As you say, and so we agree, the last two lines are oblique.
But so is silent liner. You say toe, I say cheek, someone else says
rubber duckie. Is this not ambiguity?
The set of metaphors, as you point out, progresses, and each one
possesses some semantic weight, but taken collectively what do they
add up to? Whimsical amusement? And indeed we all like silly, but what
was the reader promised at the outset of the canto? Revelations I
think. This is revealing, but only as a silly kind of nihilism it
would seem.

Indeed the succeeding stand-alone couplet interprets the passage for
us! It is:

Man’s life as commentary to abstruse
Unfinished poem. Note for further use.

Which Kinbote glosses, correctly I believe, as:

If I correctly understand the sense of this succinct observation,
our poet suggests here that human life is but a series of footnotes
to a vast obscure unfinished masterpiece.

You see whimsy, but Shade seems to see significant cosmic insight.

Perhaps he thinks he's playing a game of worlds:
He nicks himself, a truck slides off the road!
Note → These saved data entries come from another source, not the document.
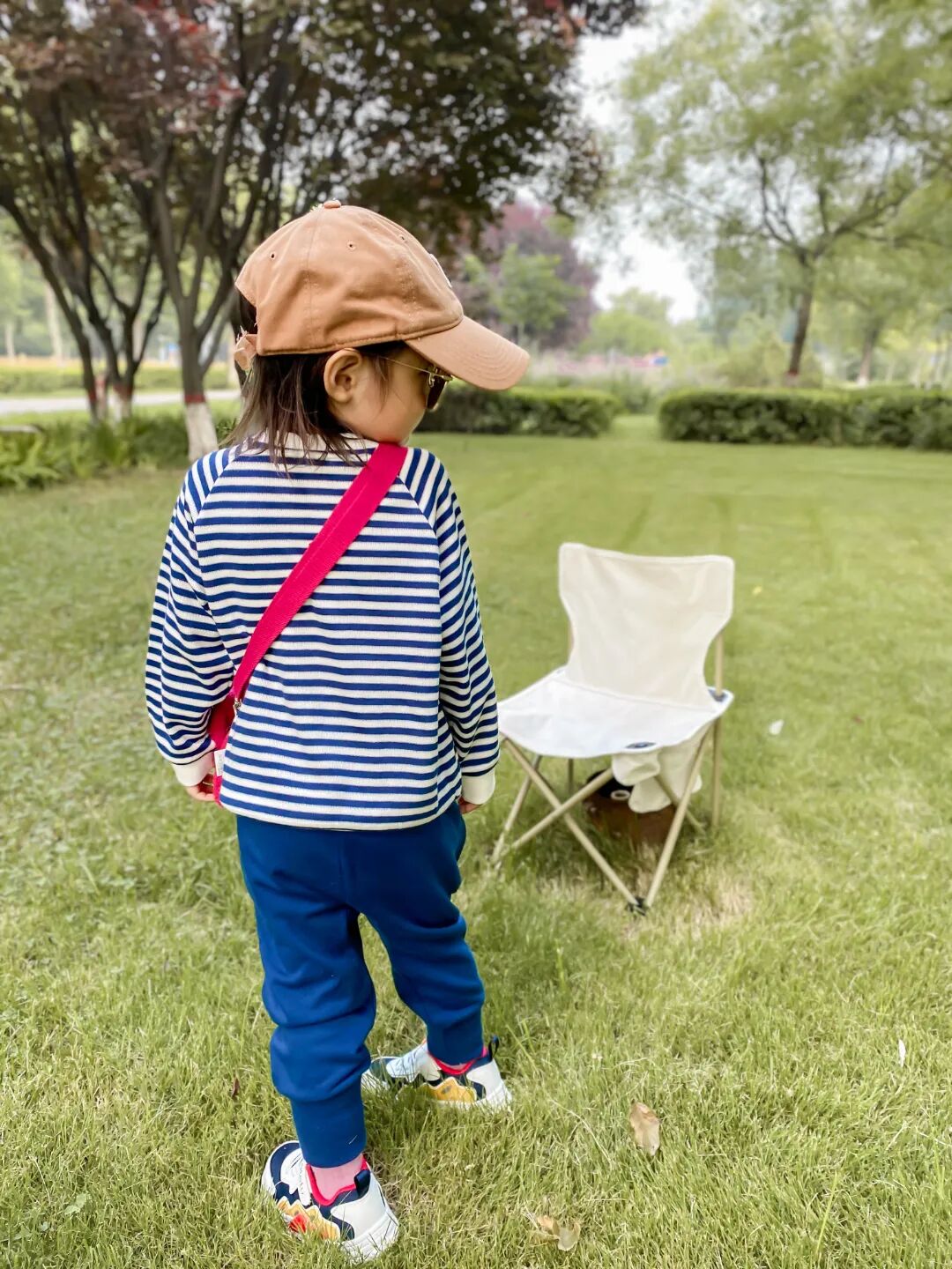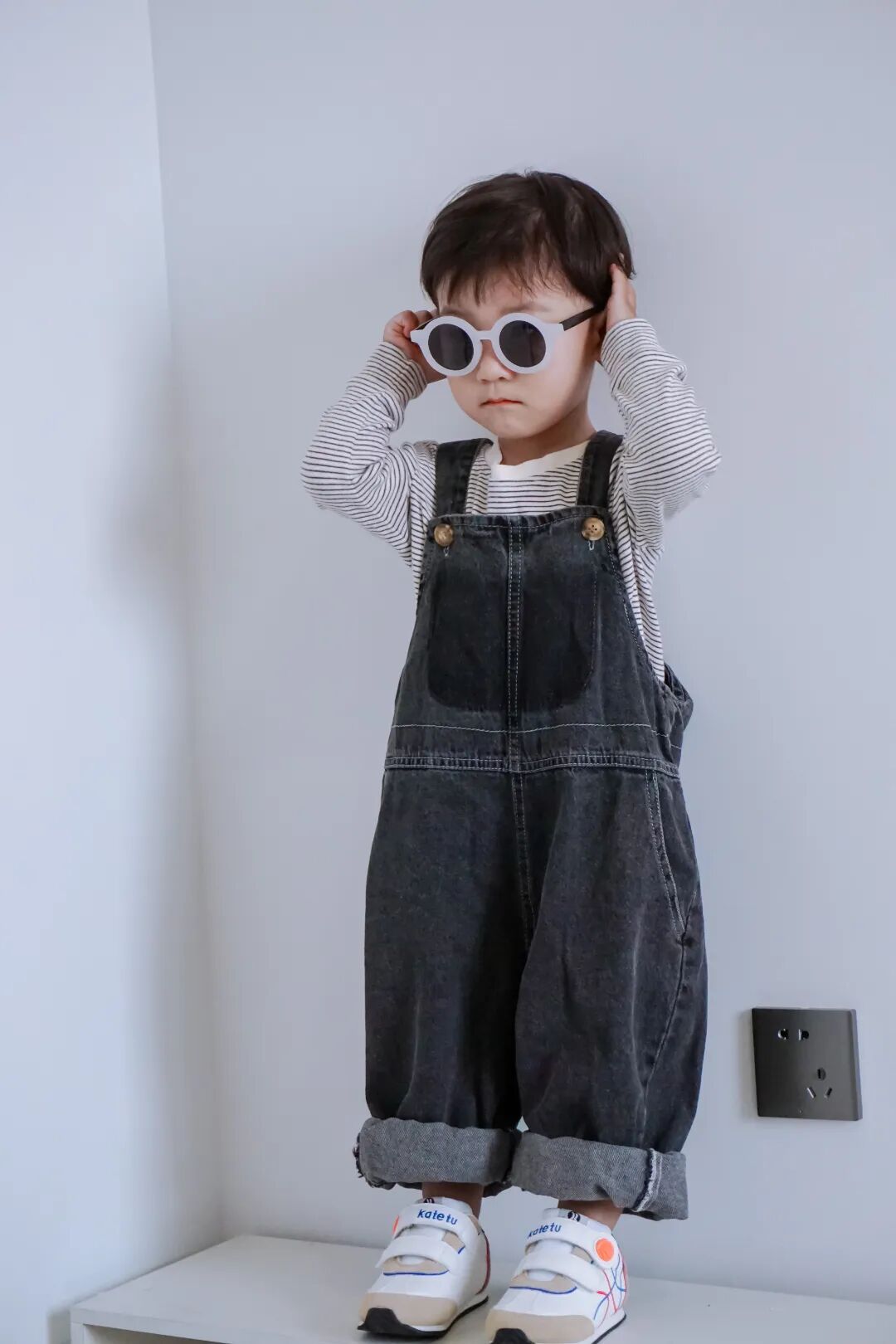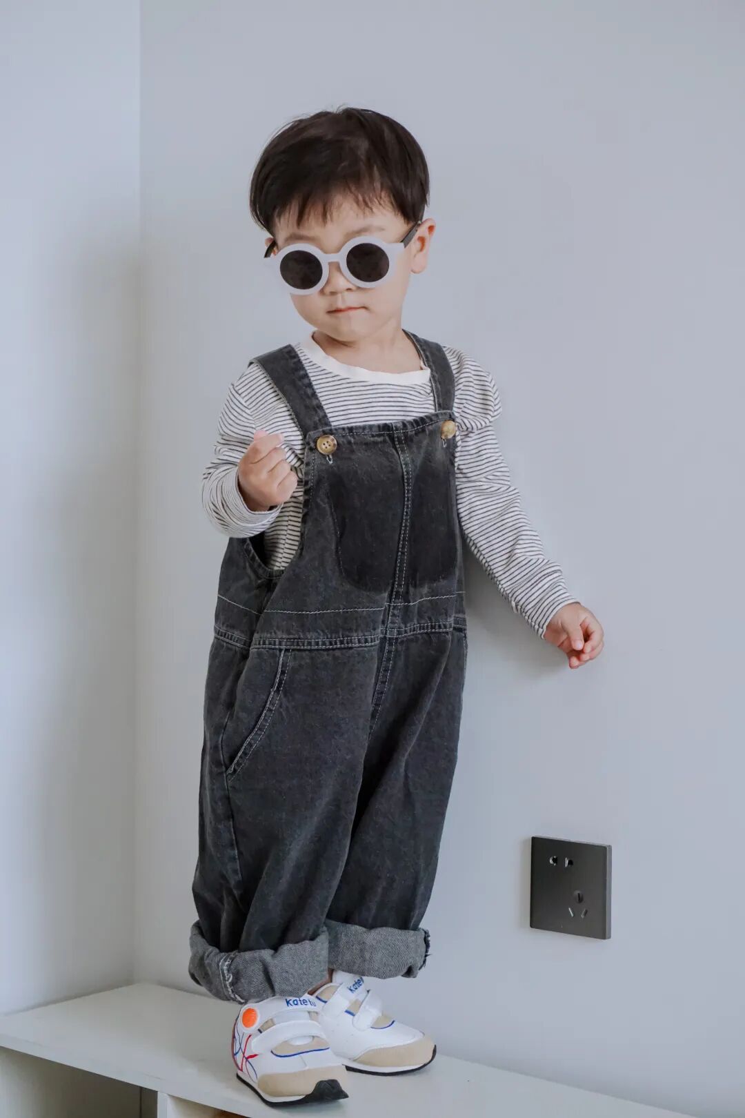 条纹长袖+牛仔背带裤+奶白休闲鞋
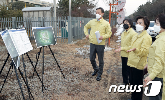 지난 2021년 1월 13일 추미애 당시 법무부 장관이 경기도 화성여자교도소 신축 예정 부지를 둘러보고 사업개요를 보고받고 있다.(법무부 제공) 2021.1.13 © 뉴스1 김명섭 기자
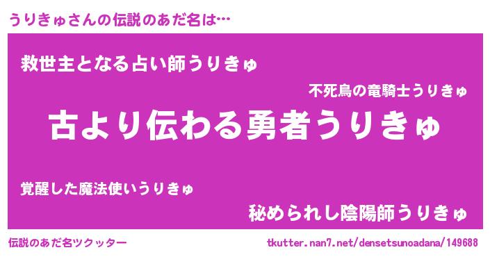 | ヒーロー風カッコイイあだ名 | 『ネオウリキュ』『正義の使者うりきゅ』 |
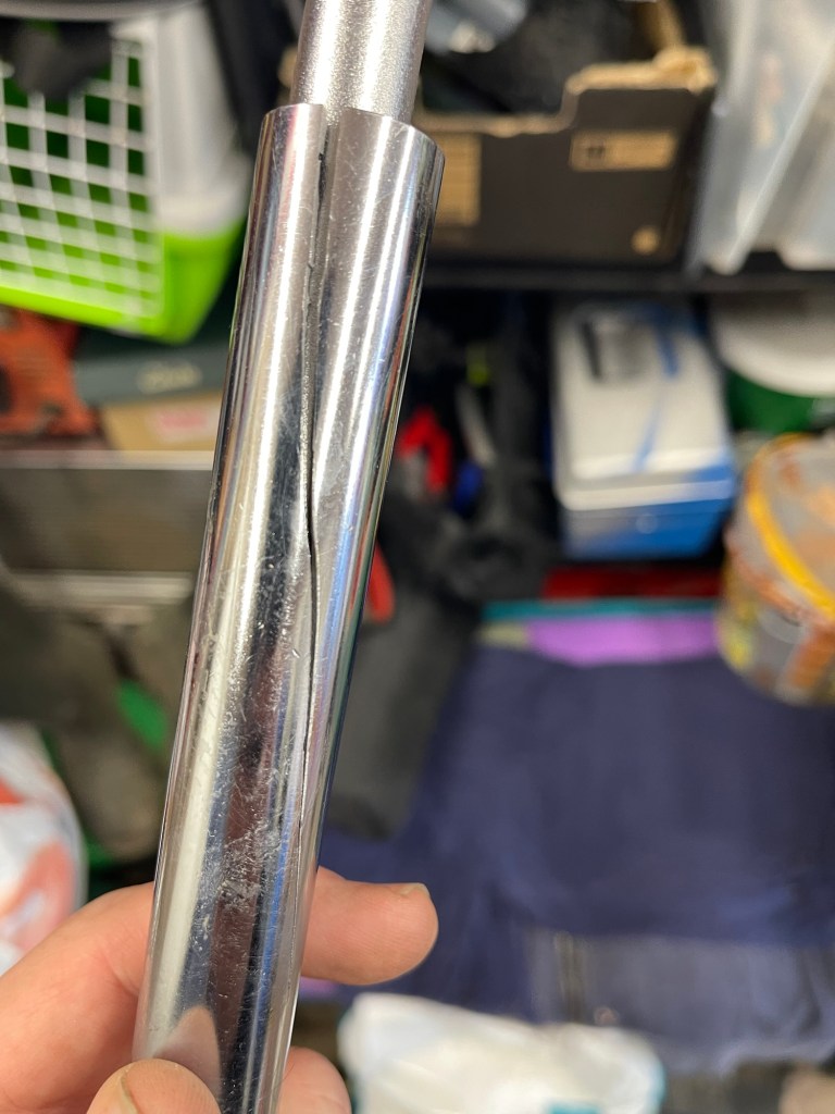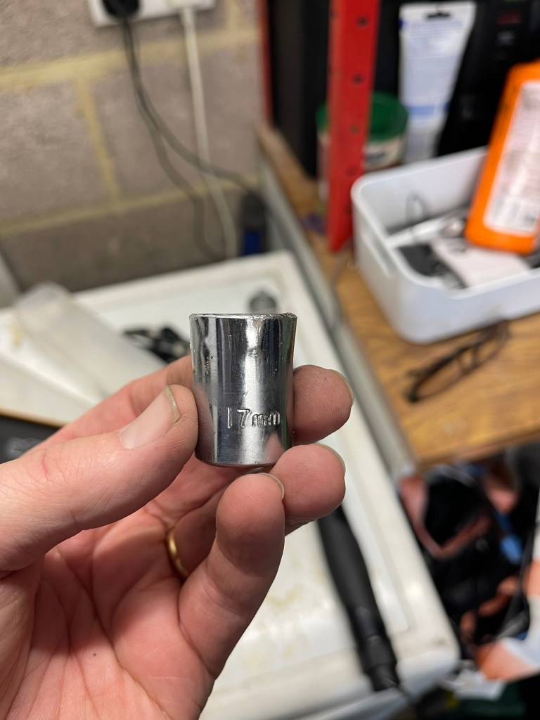 Giddy with excitement I went to loosen the rear wheel studs which had apparently been put on by an ape. Hmmm. I was using my old wheel nut wrench with its useful extension which usually has the upper hand, but after loosening each nut by standing on it (approx 98kg) and breaking the bond with a rifle like crack the poor old wrench was split. Damn. As was my 17mm socket which was pretty stretched. Damn. Fortunately not my best 17mm socket.
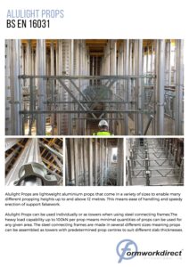 Our Alulight multiprops are lightweight aluminium props that come in a variety of sizes to enable many different propping heights up to and above 12 metres. This means ease of handling and speedy erection of support falsework.
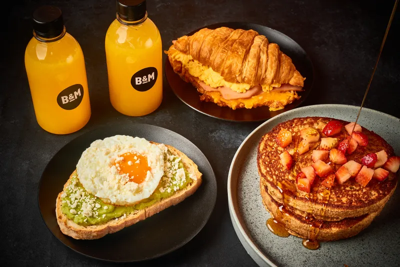 Sandwich de croissant con huevo revuelto jamón y queso.
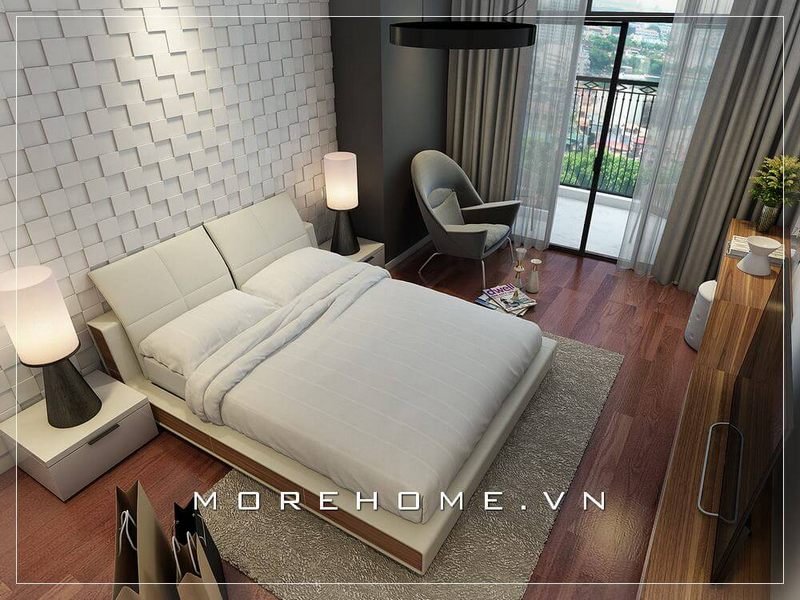 Giường ngủ chung cư phong cách hiện đại, khoảng vách đầu giường thiết kế kích thước lớn, gia chủ có thể dễ dàng ngồi tựa lưng thư giãn, đọc sách báo...
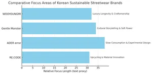 The study engages with multiple research areas, including the role of street fashion in shaping cultural identity, global and Korean sustainability frameworks such as slow fashion, circular design, and eco-conscious material innovation, and the broader influence of digital platforms in disseminating fashion trends. Case studies of Korean brands such as RE;CODE (upcycling and waste reduction), ADER error (experimental streetwear and slower consumption cycles), Gentle Monster (cultural storytelling and soft power), and WOOYOUNGMI (timeless tailoring and sustainable design) provide practical examples of how sustainability intersects with urban fashion aesthetics.
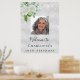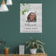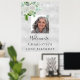 Poster de boas-vindas para uma festa de aniversário 50ª (ou qualquer idade). Personalize e adicione uma foto, um nome e uma idade. Um fundo com aspecto sujo de prata e poeira brilhante, decorado com flores brancas, rosas e verde. Para trás: sem design.
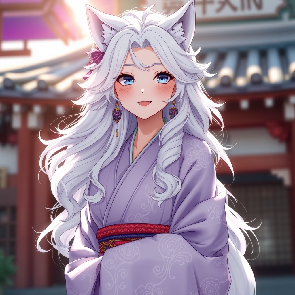 View this AI-generated image featuring a joyful and stunning white haired anime wolf girl adorned in a flowing lavender kimono stands gracefully her wavy hair cascading elegantly her exquisite face is softly illuminated creating an ethereal glow with a gentle blur and lens flare intricate accessorie
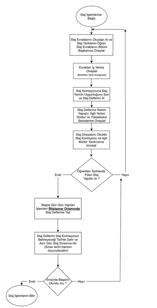 9. Belgeler teslim edildikten sonra staj dosyası öğrenci işleri yetkilisinden alınıp gerekli yerler doldurulacaktır.
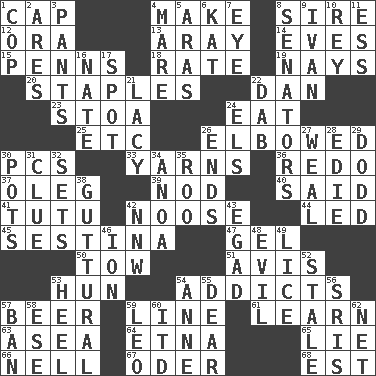 ACROSS 1. Head covering 4. Cause to be 8. Beget 12. Mouth or opening 13. Like ___ of sunshine 14. Nights before holidays 15. Actor Sean's family 18. Assign a rank or rating to 19. Negative votes 20. Paper fasteners 22. One of the 12 tribes of Israel 23. Portico 24. Ingest 25. And so on (abbr.) 26. Shoved, as through a crowd 30. Personal Computers (abbr.) 33. Tall tales 36. Do over again 37. Cassini of fashion 39. Allow head to fall sleepily 40. Alleged 41. Ballerina skirt 42. Trap for birds or small mammals 44. Directed 45. French poetic form 47. Set 50. Pull behind 51. Opinion 53. Attila the _ 54. Inveterate users 57. Fermented drink made from hops 59. Actor's bit 61. Memorize 63. At sea 64. Inactive volcano in Sicily 65. Falsehood 66. 1994 drama film starring Jodie Foster 67. River in Europe 68. Eastern Standard Time (abbr.) DOWN 1. Police officer (slang) 2. Ancient Greek god of war 3. Leg coverings 4. Female horse 5. Ancient river in northeast Turkey 6. Krazy ___ of comics 7. Sight organ 8. Legislators 9. _ the terrible 10. Marina Del _, California 11. Curvy letter 16. Nathan's nickname 17. Blemish 21. Made of lace 22. Pat or tap gently 24. Raised railways 26. Conclusions 27. Welt 28. Singer Brickell 29. Texas town _ City 30. Plant holders 31. A slight indication 32. Puts into a specified state 34. Small Philippine buffalo 35. Friend of Pooh 38. From the throat 42. Compass dir. 43. Mild oath 46. Electrically charged atom 48. Tending to cause great harm 49. Louse (plural) 52. Showing deterioration from age 53. The bottom of a shoe or boot 54. Singer Murray 55. Letter starter 56. Indian titles of respect 57. Bar 58. Compass dir. 59. Lion 60. It would 62. Fish or hair follower
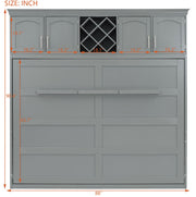 Queen Size Murphy Wall Bed With Top Cabinets & Wine Rack - Gray
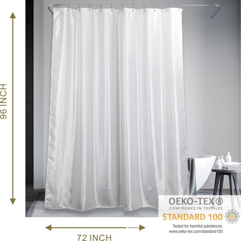 Popkozzi Silver White Shower Curtain: 96 Inch Glitter Sparkle Shiny Extra Long Shower Curtains for Bathroom - Waterproof Washable Luxury Elegant Fancy Glam Metallic Shimmer Satin Bath Curtain - 72x96
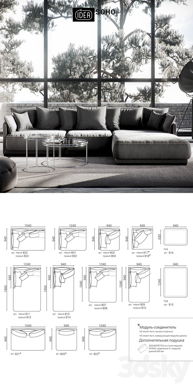 在SOHO组合式沙发中,柔软的羽绒枕头被和谐地组合在一起,舒适而深沉的底垫,坚实的底座和坚实的桦木框架。该系列的亮点是装饰性边缘,其颜色可与IDEA调色板中的沙发主面料相提并论。框架的侧线和装饰垫的平滑弯曲使本来就很舒适的沙发形象得到了鉴赏家的赞赏。
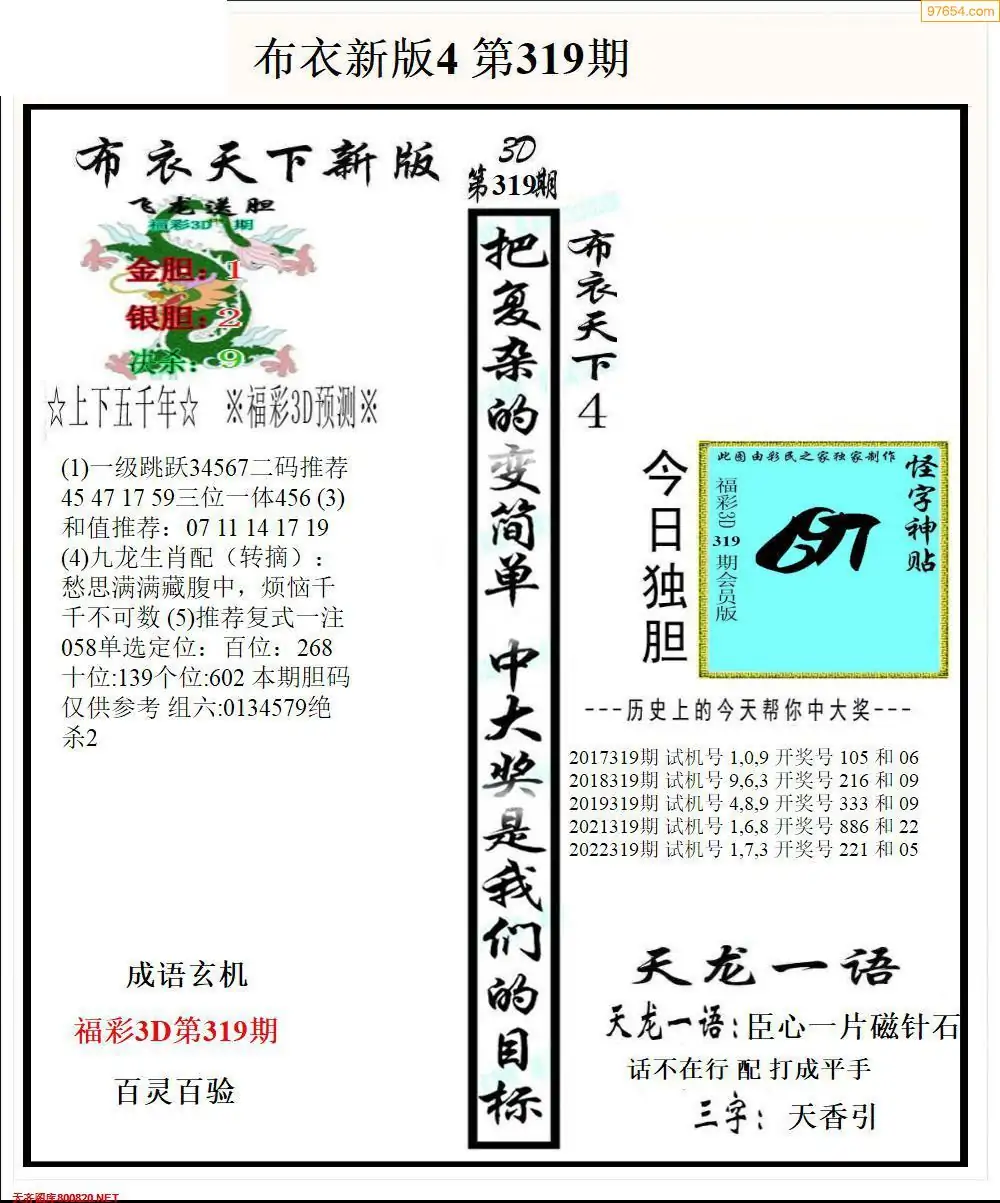 25319期早版布衣天下3D图迷
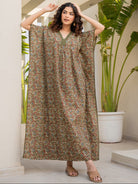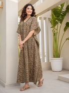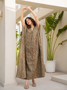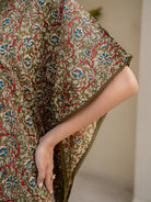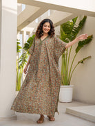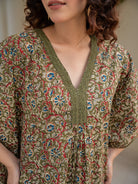 Uplift your fashion sense by getting them this comfy Hand Block Printed Cotton Kaftan. It features an all-over hand block print, a V neckline, elbow-length sleeves, and Lace detailing.
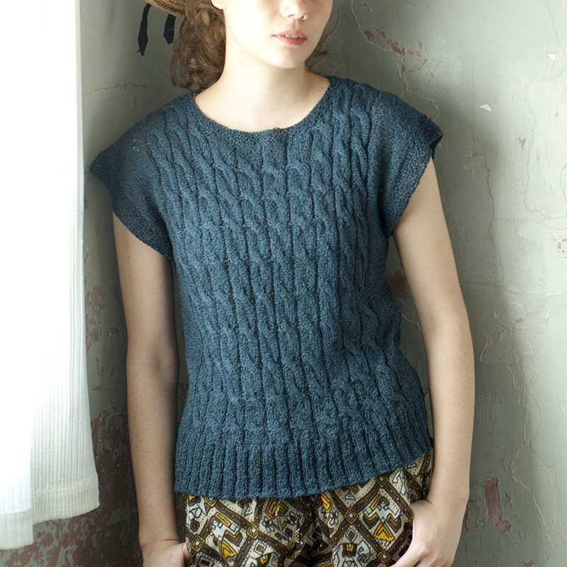 ケーブル模様のプルオーバーはしなやかな肌触りのリネン素材で。スモーキーなネイビーは派手柄のボトムスも大人の表情にします。
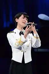 Yukari Miyake (三宅 由佳莉, Miyake Yukari; born December 14, 1986) is a Japanese petty officer of the Japan Maritime Self-Defense Force (JMSDF) and vocalist of the Tokyo SDF Band.[1] The first and only official vocalist for the Music Corp to join the JMSDF,[2] Miyake has released a number of CDs she sang with the SDF Band. [3]
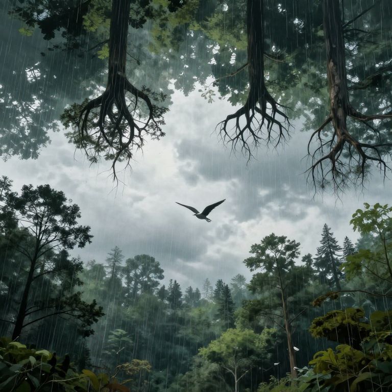 A forest where trees grow upside-down from the sky, roots snorkeling into rain clouds, while wingless birds float calmly in the air.

The question then becomes how does Shade's shave comment upon the
history or future of the cosmos?
Answer: Despite Shade's grandiose presumptions, it doesn't! Unless one
is to see the cosmos as mere whimsy!
Man's imagination may illuminate, reorder and transform the universe,
but has Shade's bit of rhyming about shaving achieved any of that?

Nihilistically yours,
–GSL

ps.: other difficult metaphors in Canto 4: Newport Frill, the
mouth ... its wick.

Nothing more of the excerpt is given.